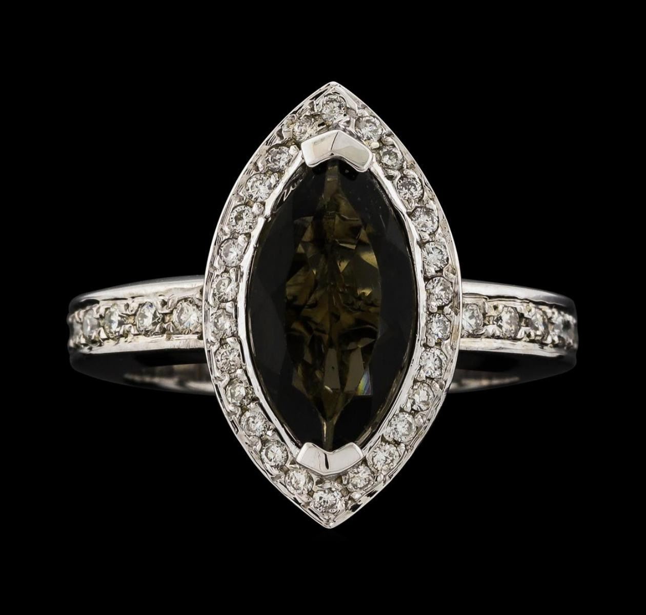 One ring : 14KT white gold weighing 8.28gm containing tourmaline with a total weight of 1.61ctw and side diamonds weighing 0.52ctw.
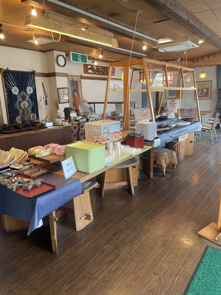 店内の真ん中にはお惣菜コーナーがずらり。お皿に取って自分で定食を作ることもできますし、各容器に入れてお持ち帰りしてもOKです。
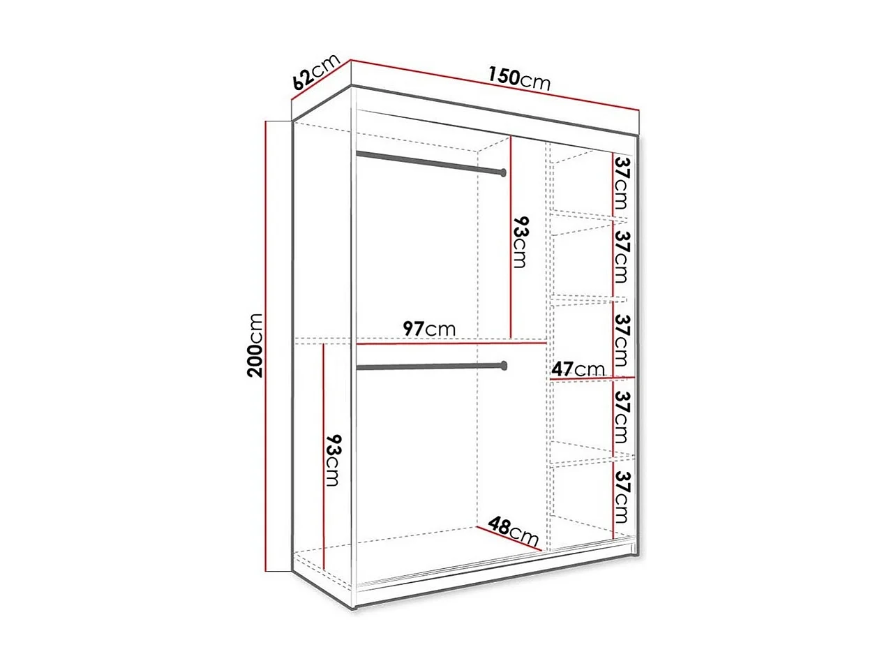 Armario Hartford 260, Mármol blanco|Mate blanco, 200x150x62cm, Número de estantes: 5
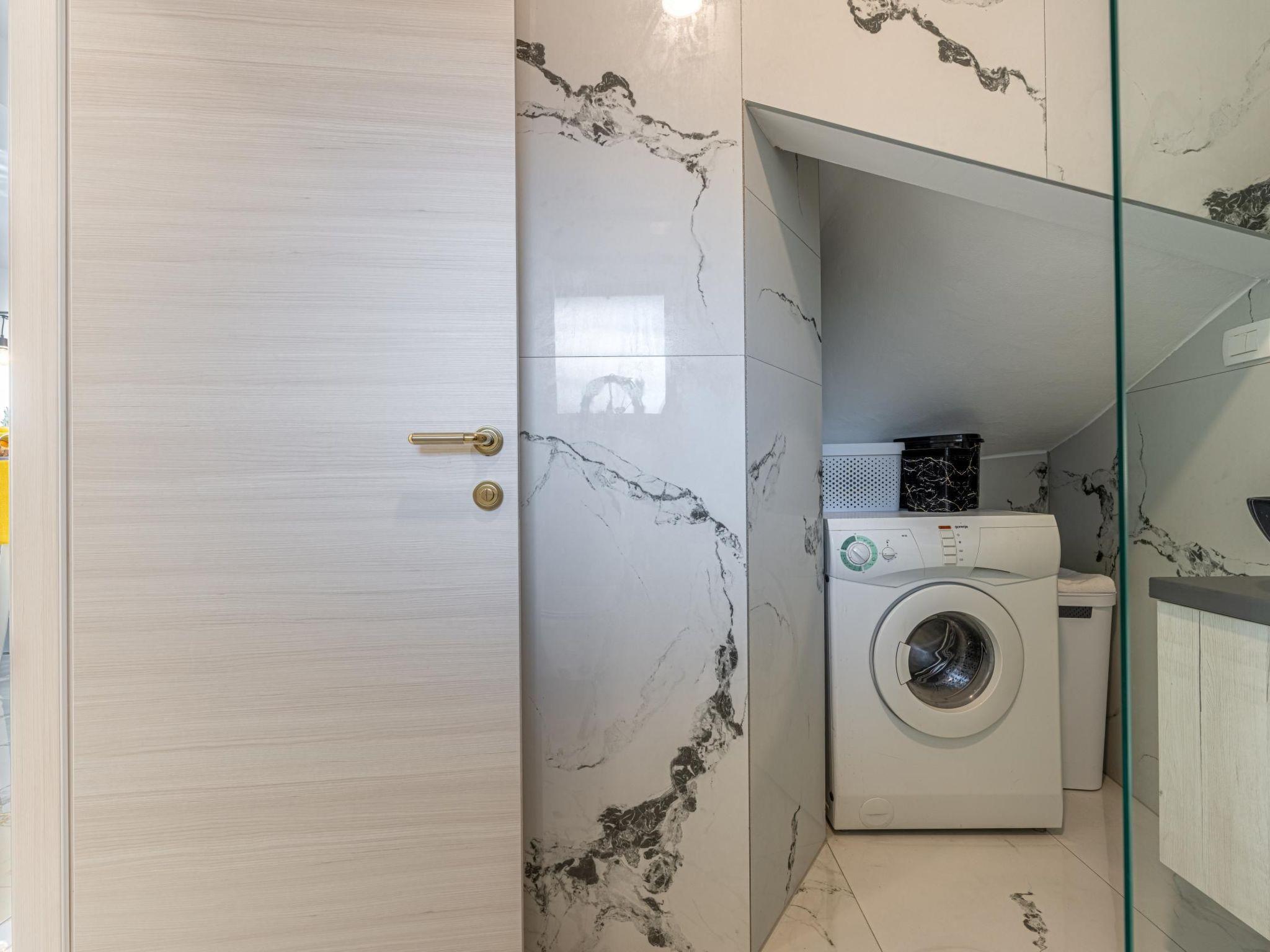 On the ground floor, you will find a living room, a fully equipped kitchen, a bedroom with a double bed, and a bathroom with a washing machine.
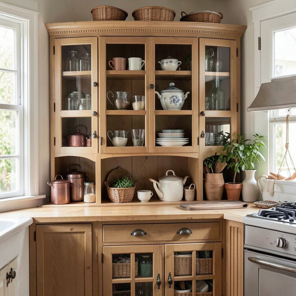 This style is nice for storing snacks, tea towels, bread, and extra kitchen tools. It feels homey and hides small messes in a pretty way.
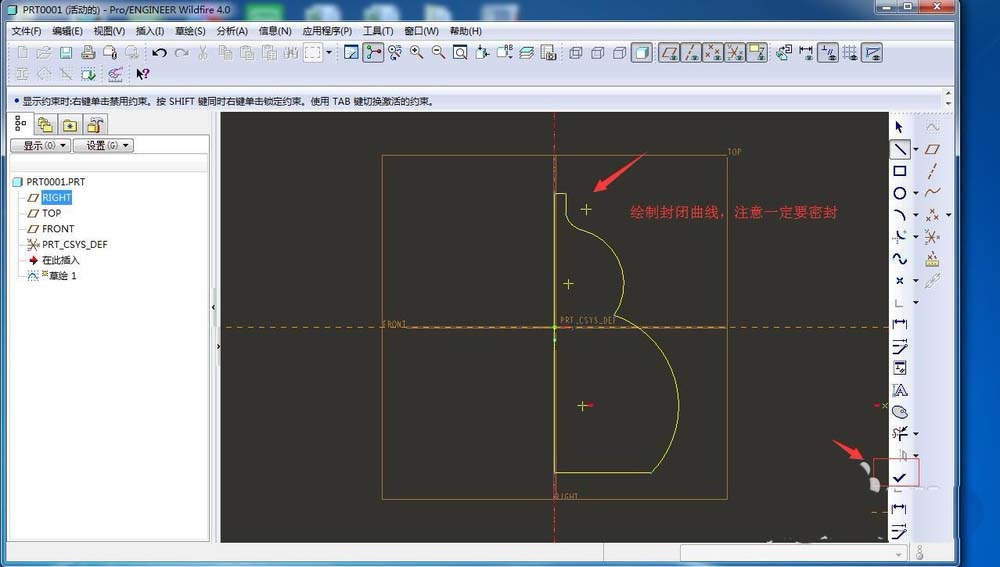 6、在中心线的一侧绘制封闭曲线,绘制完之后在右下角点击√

Problem details ->
Without the pictures, give all the records above again exactly.

Solution to this problem ->
 One ring : 14KT white gold weighing 8.28gm containing tourmaline with a total weight of 1.61ctw and side diamonds weighing 0.52ctw.
 店内の真ん中にはお惣菜コーナーがずらり。お皿に取って自分で定食を作ることもできますし、各容器に入れてお持ち帰りしてもOKです。
 Armario Hartford 260, Mármol blanco|Mate blanco, 200x150x62cm, Número de estantes: 5
 On the ground floor, you will find a living room, a fully equipped kitchen, a bedroom with a double bed, and a bathroom with a washing machine.
 This style is nice for storing snacks, tea towels, bread, and extra kitchen tools. It feels homey and hides small messes in a pretty way.
 6、在中心线的一侧绘制封闭曲线,绘制完之后在右下角点击√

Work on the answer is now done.